Entries taken from a collection:
________________________________________

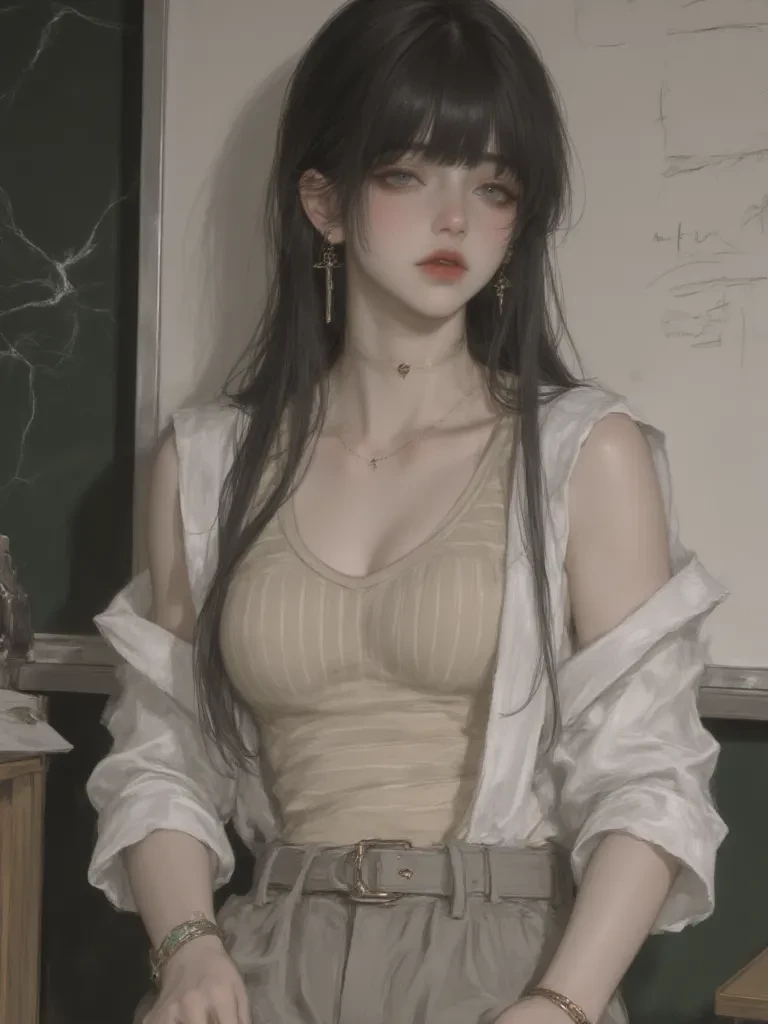 \But then, a melody, impossibly soft and soothing, drifted through the cacophony of the storm. It was barely audible above the deluge, yet it cut through the fear like a beacon. You looked up, your eyes scanning the room, and there she was, still standing before the whiteboard. Teacher Li Ked. Her eyes were closed, a serene smile gracing her lips, as if the world outside ceased to exist for her. The storm raged, but she remained motionless, a quiet guardian of peace. Her voice, gentle and warm, cut through the din, a stark contrast
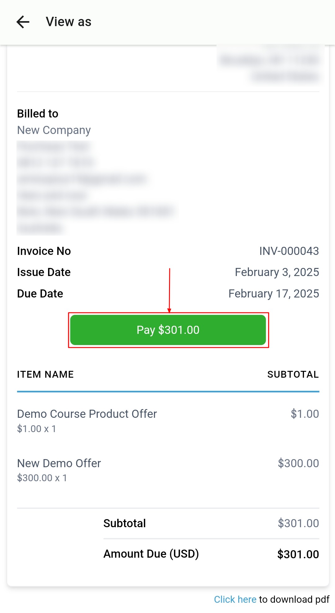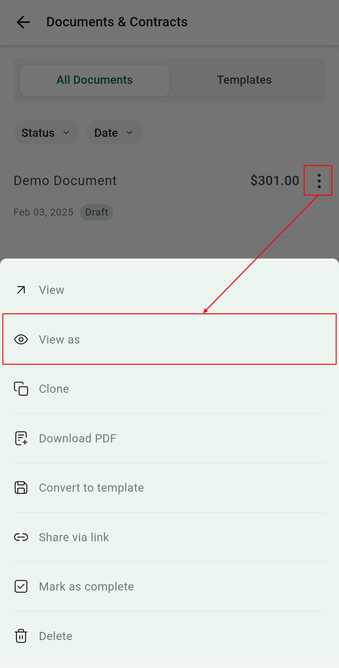 To record a signature, tap on the three-dots icon on the right side of the document tile. From the dropdown menu, select the “View as” option.
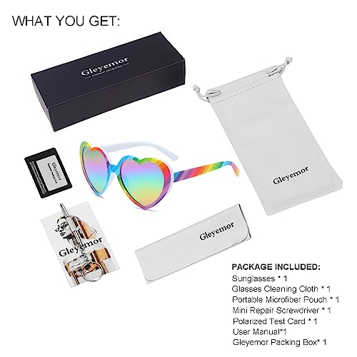 HOT ! Gleyemor Polarized Rainbow Heart Sunglasses for Women Trendy Glasses Fashion Pride Accessories
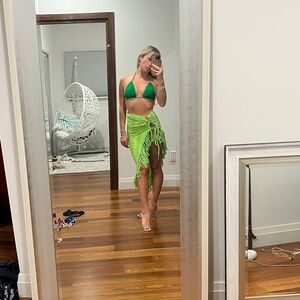 Superdown my beachy side green fringe skirt cover up pq crochet revolve nbd AFRM
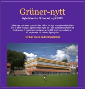 I denne utgaven av Grüner-nytt kan du lese om det nye kunstgresset og den nye hallen og fotballens sommer aktiviteter.
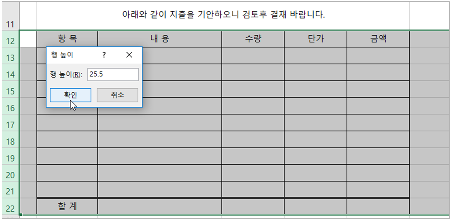 [행 높이] 대화상자가 실행되고 현재 선택한 행 높이를 값으로 확인할 수 있습니다.
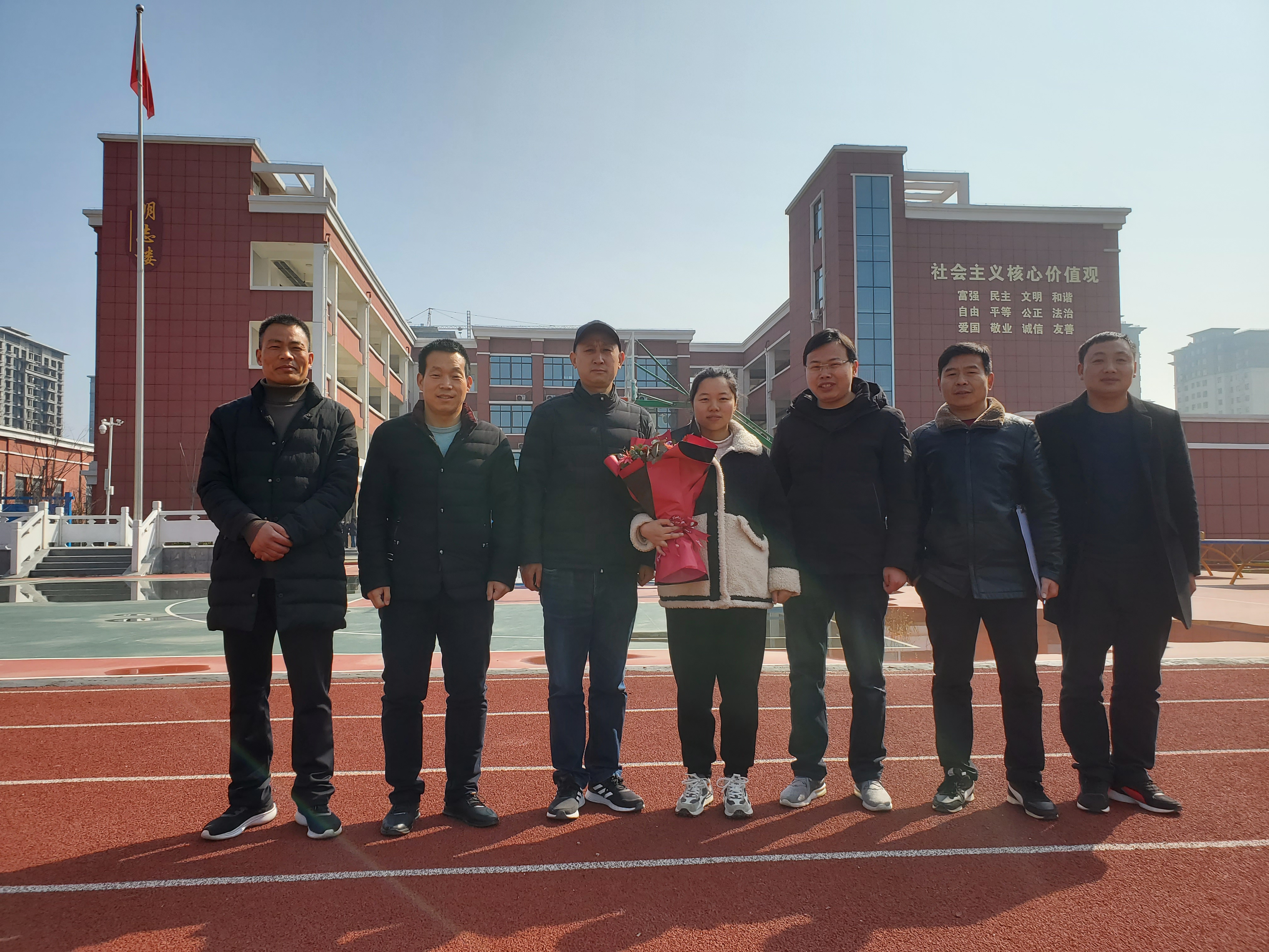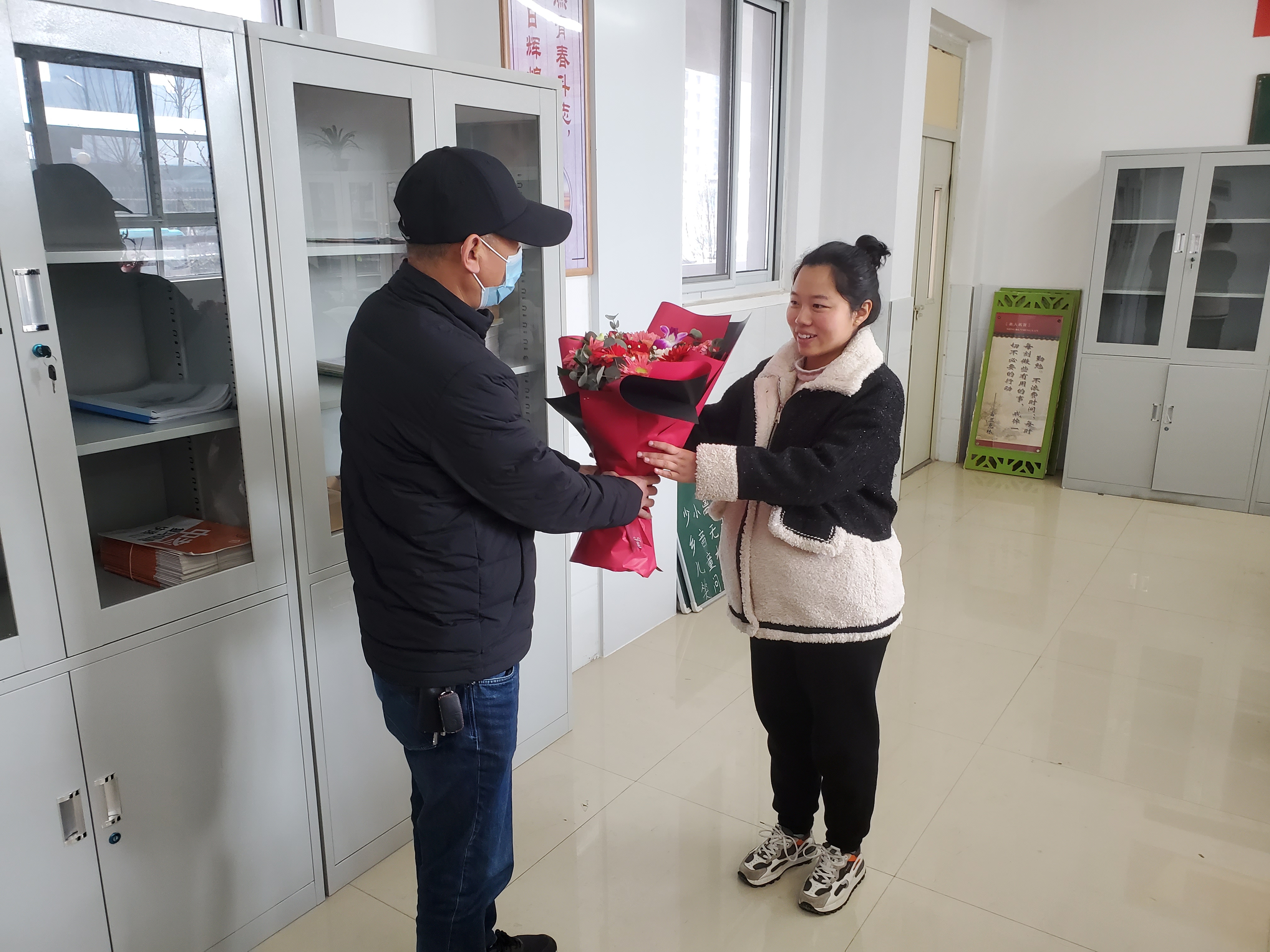 3月2日,教師辦公室里歡聲笑語,氣氛熱烈,學(xué)校校長文海泳帶領(lǐng)學(xué)校領(lǐng)導(dǎo)班子成員為今天過生日的袁老師送上一束鮮花并祝福她生日快樂。這是該校新學(xué)期開展的“教師過生日,學(xué)校送祝?!被顒?dòng)的一幕。

________________________________________

### Exercise brief
What the answer needs is every record above, exactly as written, and no pictures.

### Problem solution
 \But then, a melody, impossibly soft and soothing, drifted through the cacophony of the storm. It was barely audible above the deluge, yet it cut through the fear like a beacon. You looked up, your eyes scanning the room, and there she was, still standing before the whiteboard. Teacher Li Ked. Her eyes were closed, a serene smile gracing her lips, as if the world outside ceased to exist for her. The storm raged, but she remained motionless, a quiet guardian of peace. Her voice, gentle and warm, cut through the din, a stark contrast
 To record a signature, tap on the three-dots icon on the right side of the document tile. From the dropdown menu, select the “View as” option.
 HOT ! Gleyemor Polarized Rainbow Heart Sunglasses for Women Trendy Glasses Fashion Pride Accessories
 Superdown my beachy side green fringe skirt cover up pq crochet revolve nbd AFRM
 I denne utgaven av Grüner-nytt kan du lese om det nye kunstgresset og den nye hallen og fotballens sommer aktiviteter.
 [행 높이] 대화상자가 실행되고 현재 선택한 행 높이를 값으로 확인할 수 있습니다.
 3月2日,教師辦公室里歡聲笑語,氣氛熱烈,學(xué)校校長文海泳帶領(lǐng)學(xué)校領(lǐng)導(dǎo)班子成員為今天過生日的袁老師送上一束鮮花并祝福她生日快樂。這是該校新學(xué)期開展的“教師過生日,學(xué)校送祝?!被顒?dòng)的一幕。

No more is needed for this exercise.